Fascinating first-hand account transcribed from Seventh Calvary’s Sergeant Charles A. Windolph, a six-year veteran of the Seventh Cavalry. Published in 1947, this book provides a multi-layered history lesson. The somewhat misleading and lengthy title tells you that it’s the story of the last survivor. But there were no survivors of Custer’s Last Stand. The Seventh Cavalry was split into three “groups,” Major Reno, Colonel Benteen, and General Custer, all of which were to attack the Indian camp and kill as many as they could. Windolph was with Benteen, and then Reno, where the fighting was no less harrowing, especially in its relation to Custer’s demise. The “last survivor” refers to Winthrop in 1947 as the last person remaining who was alive and involved in the “last stand” of 1876.
The first half is mostly Windolph’s direct account nearly seventy years after Little Big Horn, while the second half details accounts by others, as edited by the Hunts. While they tried to be unbiased, telling of the broken treaties and the atrocities committed by both soldier and Indian, the 1947 viewpoint also tells us something about the culture at the time it was published. Necessarily, I suppose, the book is white-man centric; it is the tale of the Seventh Calvary and the aftermath, the political finger-pointing, and second-guessing. Historians inevitably reveal their own moment in history when writing about the past.

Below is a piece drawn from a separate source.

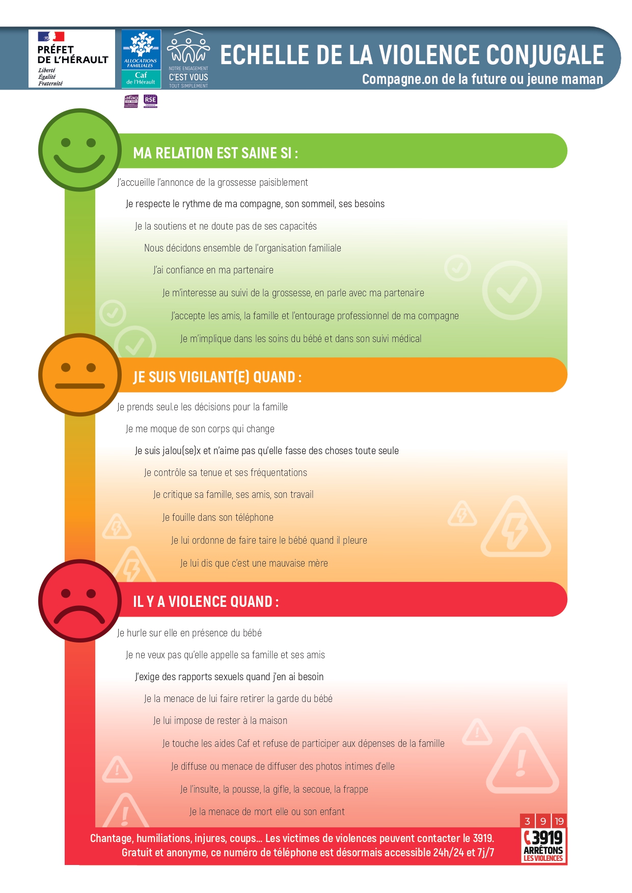 La CAF 34, en partenariat avec des acteurs associatifs et des professionnel.les de terrain, a adapté le violentomètre du département de Seine Saint Denis pour adresser un message de prévention à l'égard des femmes enceintes et de leur compagne ou compagnon. En affichant ce baromètre dans des lieux de passages, l'objectif est que chacun et chacune puisse interroger sa relation conjugale à l'heure du bouleversement de la naissance d'un enfant. Les professionnel.les peuvent également l'utiliser comme un outil de sensibilisation et d'ouverture à la discussion sur la relation conjugale lors des entretiens de suivi de grossesse et des débuts de parentalité.

As a 2023 reader, it seemed that the “Battle” of Washita and the Sand Creek massacre were glossed over, the Hunts remarking that the Indians “never forgave Custer for the whirling attack on their sleeping village in the dead of winter.” The brutal reprisals by the Cheyenne and Sioux are described in detail as are the mutilations of Custer’s men (but curiously not Custer himself). The Hunts suggest the Indians were “upset.” Custer and others slaughtered women and children.
The Indian Wars were full of contradictions, depravity, and more, from all sides. This first-hand account tells about the Seventh’s heroism and some curious decisions. And within the context of its time, makes an honest attempt at acknowledging of the bravery of the Indians. It is well worth reading.